Dr. Marcy holds the paper. It’s creased into sections from
where I folded it up to shove in my pocket.
“Hmmm …” she says.
She clears her throat. Scratches the back of the page with a
fingernail.
“Well, Fred, I’d hoped you would open up a little more. You
know, about the experience.”
“But that’s what happened.”
“Yes, I understand that, but we need to explore the
incident. How did it make you feel to
lose Derby?”
“Shitty.”
“Yes, well, I assumed as much. But can you elaborate on
that? How does ‘shitty’ make you feel? Define ‘shitty’ for me.”
“Hmm … well, it’s just … kind of shitty.”

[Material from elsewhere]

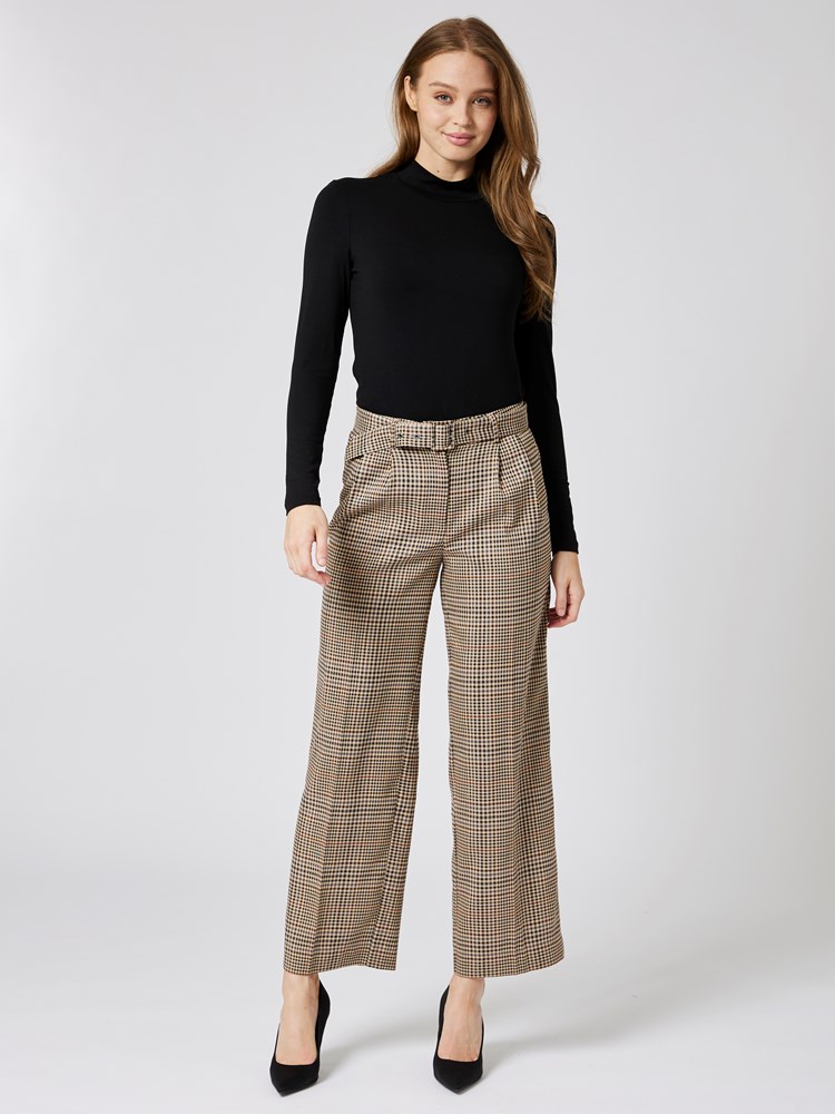 Komfortabel rutet dressbukse i behagelig kvalitet med mid waist liv, stikklommer i siden, passepoilerte baklommer med knapp og linning med beltestropper og matchende belte med spenne. Buksen har vide rett ben og lukkes i livet med knapp og glidelås. Kjøp gjerne sammen med Archie blazer og Archie vest for matchende sett. Modellen er 180cm og har på seg str 36.

My homework this week: define “shitty.”
X
Instead of defining “shitty,” I decide to show Dr. Marcy how
much I am learning about painting. My Bob Ross lessons are really paying off,
and I want her to know that.
I crack open a Pabst Blue Ribbon and I write:
HOW TO MAKE A SKY
To make a sky what you do is take a tube of phthalo blue
paint. Squeeze some of the paint out onto your palette. Don’t be too sparing
about it. Get a nice, big dollop, mix it around and pull some of it across the
palette with your brush.
Okay, now, once you’ve done that, you want to take your
brush and tap it against the paint. Nice and gentle. This
will ensure an even distribution of paint though the bristles. After all, you
don’t want to get any blue smears across your sky. You don't want any unintended jet streams — blue
wads of air for clouds to trip over.
Now, once the brush is ready, you want to take it and cover
the canvas with crisscrossing strokes. Tiny little crisscrossing strokes filling
the canvas out to the corners.
Just go at it, marking out the blank white space, making
something out of the destruction of nothing.
Yeah, that's it! Just make nice, tiny little
crisscrossing strokes with which you will construct the heavens ... like God
would have done it if he’d been working with oils instead of light and clay.
There is no land to inhibit you yet. No mountains or trees or happy little
rivers to block your view or hold you down. At this point, the sky goes on
forever with no skyline to cut it in half. It's just you and the canvas and a
brush and phthalo-blue expanses to swim through forever. Like a bubble adrift
in boundless, breathless air, you paint.